Alameda Research CEO Caroline Ellison is cooperating with authorities in the FTX crypto case.
That’s according to a recently unsealed plea agreement showing the 28-year-old hedge funder is admitting her guilt to all seven of the fraud charges levied against her for the active role she is accused of knowingly playing in the disastrous, multi-billion-dollar implosion of the FTX enterprise group of companies.
The agreement, signed Monday (Dec. 18,) was released by federal prosecutors for the Southern District of New York (SDNY) late Wednesday night (Dec. 21). A paragraph of the document has been redacted, leaving information about some of the possible charges up in the air.
Another top lieutenant of the failed crypto exchange, FTX co-founder and engineering leader Gary Wang has similarly pled guilty to four charges and agreed to cooperate with the U.S. Department of Justice (DOJ). Wang was released on bail.
Representatives for both parties have yet to reply to PYMNTS’ request for comment.
Ellison Faces 110-Year Sentence
The unsealed document shows Ellison admits her guilt to committing wire fraud on Alameda Research’s lenders and FTX customers, engaging in a conspiracy to commit commodities fraud and securities fraud, and conspiring to commit money laundering.
“The defendant hereby acknowledges that the defendant has accepted this Agreement and decided to plead guilty because the defendant is in fact guilty,” Ellison’s plea stated.
The maximum total sentence carried by her crimes is 110 years.
But while FTX Group founder and failed CEO figurehead, Sam Bankman-Fried, is shuffled between international jail cells, Ellison so far faces only a fine and the forfeiture of assets gained from her time FTX and running Alameda.
As part of her guilty plea and contingent on her full testimony, the former Alameda Research head won’t be further prosecuted by the SDNY office beyond her existing criminal charges. The plea deal hinges on “substantial” assistance being provided by Ellison to the DOJ, as noted in the agreement. Ellison remains open to prosecution by other offices.
The guilty plea puts further pressure on Bankman-Fried, who has so far maintained his innocence.
As part of the deal, Ellison is to be released on a $250,000 bail and must surrender her passport and other travel documents.
“If the defendant fully complies with the understandings specified in this Agreement, the defendant will not be further prosecuted criminally by this Office,” stated the SDNY agreement.
As previously reported by PYMNTS, Ellison hired Stephanie Avakian, a former enforcement division chief at the Securities and Exchange Commission (SEC), to represent her.

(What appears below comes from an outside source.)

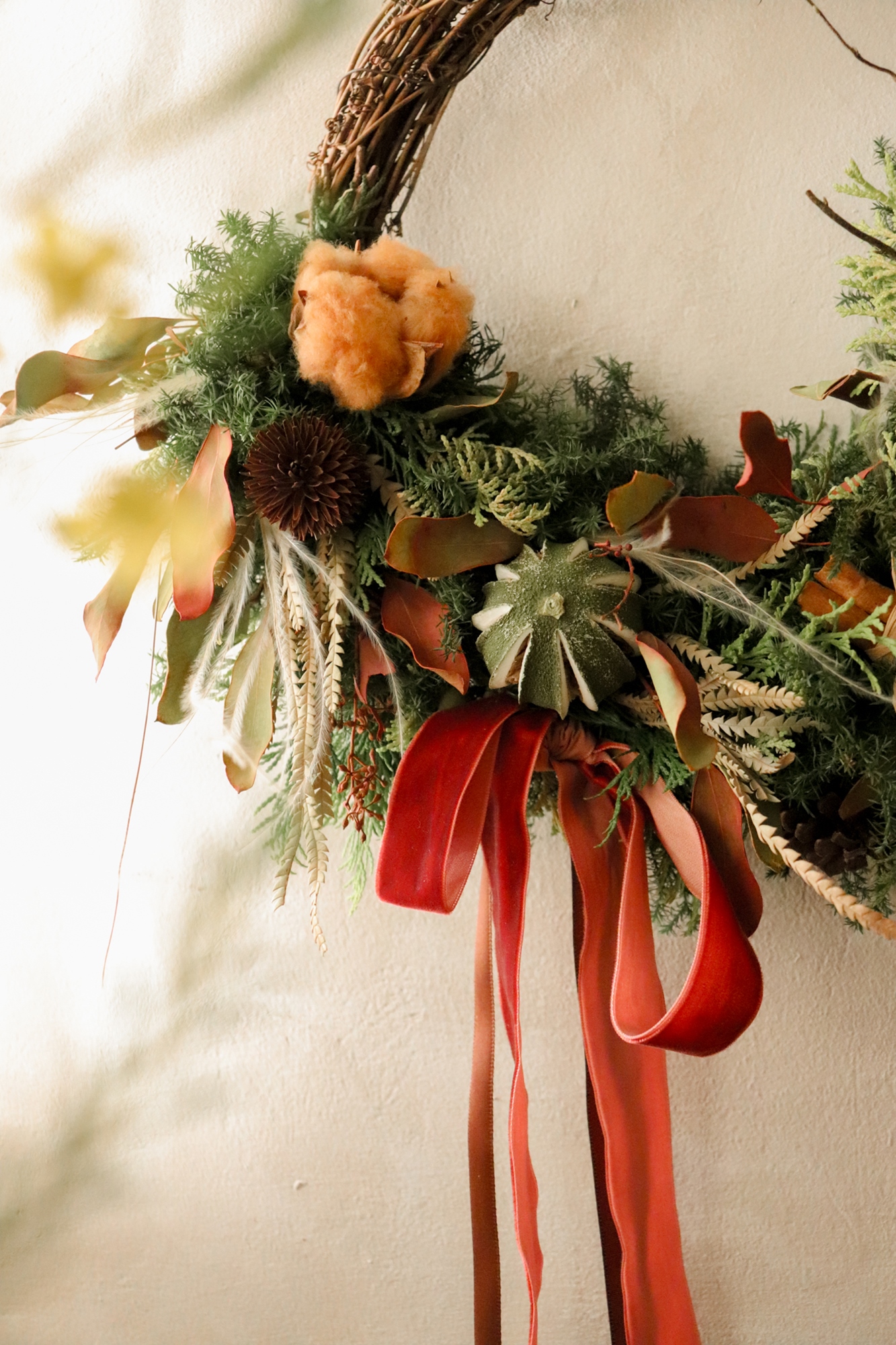 結合變色的尤加利葉與棕色的棉花搭配綠色的雪松

According to the unsealed document, Ellison remains open to separate prosecution for any tax-related crimes or violations she may have engaged in during the multiyear fraudulent schemes she has already admitted guilt to and any tax crimes subsequently revealed during her testimony.
The Alameda CEO’s plea agreement says she will be deported if found not to be a U.S. citizen. While born in the U.S. to academic parents, many observers of the case have speculated that Ellison might have given up her citizenship to avoid U.S. taxes – a popular tactic by offshore crypto traders. It may leave the 28-year-old Stanford graduate open to the tax violation prosecution clause mentioned above.
FTX’s House of Cards Reveals Jokers Stayed in the Deck
Separately, the U.S. Securities and Exchange Commission (SEC) has charged Ellison and Wang for their roles in a “multiyear scheme to defraud equity investors of FTX.”
Wang, who worked as a software engineer at Google before co-founding Alameda and FTX with college friend Bankman-Fried, is accused by the SEC of creating the specific software code that allowed Alameda to divert FTX customer funds. It is alleged Ellison used those misappropriated FTX customer funds accessed through the encoded “backdoor” for Alameda’s trading activity.
Bankman-Fried, who has maintained his innocence in the eight criminal fraud and conspiracy counts filed against him by the DOJ, was extradited from the Bahamas Wednesday night (Dec. 21) and is now in the custody of the FBI.
Ellison and Wang will likely be key witnesses, given their proximity to Bankman-Fried and their knowledge of FTX’s inner workings, admissions of guilt, and stated willingness to cooperate with the prosecution team.
Bankman-Fried is set to appear before a judge as soon as possible for a bail hearing.
In a public video regarding the FTX case, U.S. Attorney Damian Williams said, “Today’s announcement will not be our last. If you participated in misconduct at FTX or Alameda, now is the time to get ahead of it. We are moving quickly and our patience is not eternal.”
The status or liabilities of other FTX leaders remains unknown.
Those individuals include Sam Trabucco, the former co-CEO of Alameda alongside Ellison; Ryan Salame, who tipped off the Bahamian government about FTX’s illegal activity; and Nishad Singh, the engineering director whose equity stake in FTX made him a one-time paper billionaire. Trabucco left the company over the summer, while Salame and Singh were both fired after FTX’s bankruptcy.